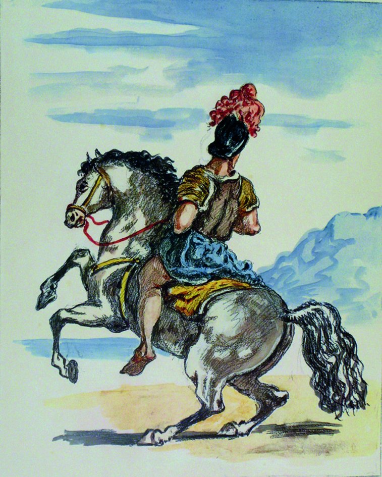 In folio, fascicolo con il testo di pp. 20 su carta pesante a mano, una tav. a colori con la riproduz. litografica di un disegno del Maestro dal titolo "Il cavaliere solitario" con firma autografa a matita, seguono 40 splendide tav. a colori ognuna in passe-partout editoriale. Cartella m.pella edit. con fac-simile di firma al piatto. Bella e lussuosa ediz. tirata a complessivi 1526 esemplari numerati con testo in diverse lingue; il ns. esemplare è il n° 37/125 con testo in tedesco.
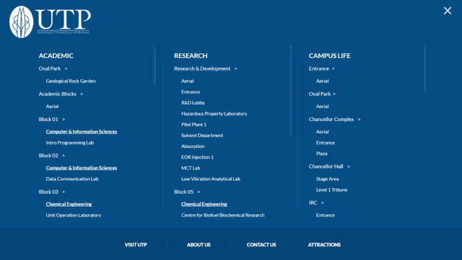 UTP appointed LokaLocal to create a virtual tour for their campus, to highlight their award-winning architecture, laboratories and world-class facilities. We designed a custom look for the virtual tour with three main categories: Academic, Research, and Campus Life.
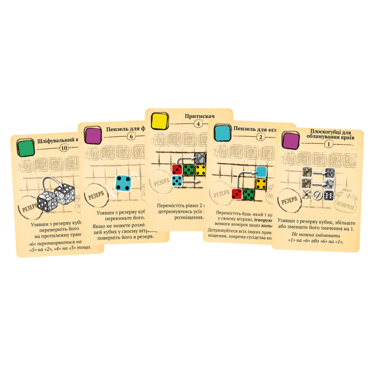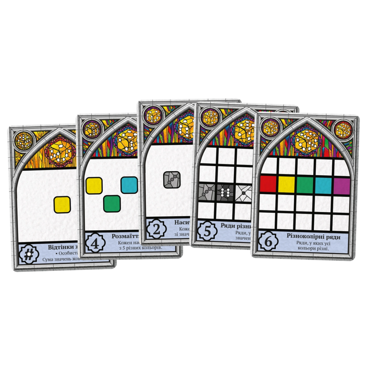 Протягом гри учасники кидають кольорові кубики та розміщують їх на особистих планшетах, щоб створити вітраж. Проте не все так просто: кольори й значення кубиків потрібно розміщувати за особливими правилами, а спеціальні карти цілей додають ще більше тактичних викликів!

- _Task to carry out_
In your copy, reproduce the data above exactly and skip every picture.

- _Final answer_
 In folio, fascicolo con il testo di pp. 20 su carta pesante a mano, una tav. a colori con la riproduz. litografica di un disegno del Maestro dal titolo "Il cavaliere solitario" con firma autografa a matita, seguono 40 splendide tav. a colori ognuna in passe-partout editoriale. Cartella m.pella edit. con fac-simile di firma al piatto. Bella e lussuosa ediz. tirata a complessivi 1526 esemplari numerati con testo in diverse lingue; il ns. esemplare è il n° 37/125 con testo in tedesco.
 UTP appointed LokaLocal to create a virtual tour for their campus, to highlight their award-winning architecture, laboratories and world-class facilities. We designed a custom look for the virtual tour with three main categories: Academic, Research, and Campus Life.
 Протягом гри учасники кидають кольорові кубики та розміщують їх на особистих планшетах, щоб створити вітраж. Проте не все так просто: кольори й значення кубиків потрібно розміщувати за особливими правилами, а спеціальні карти цілей додають ще більше тактичних викликів!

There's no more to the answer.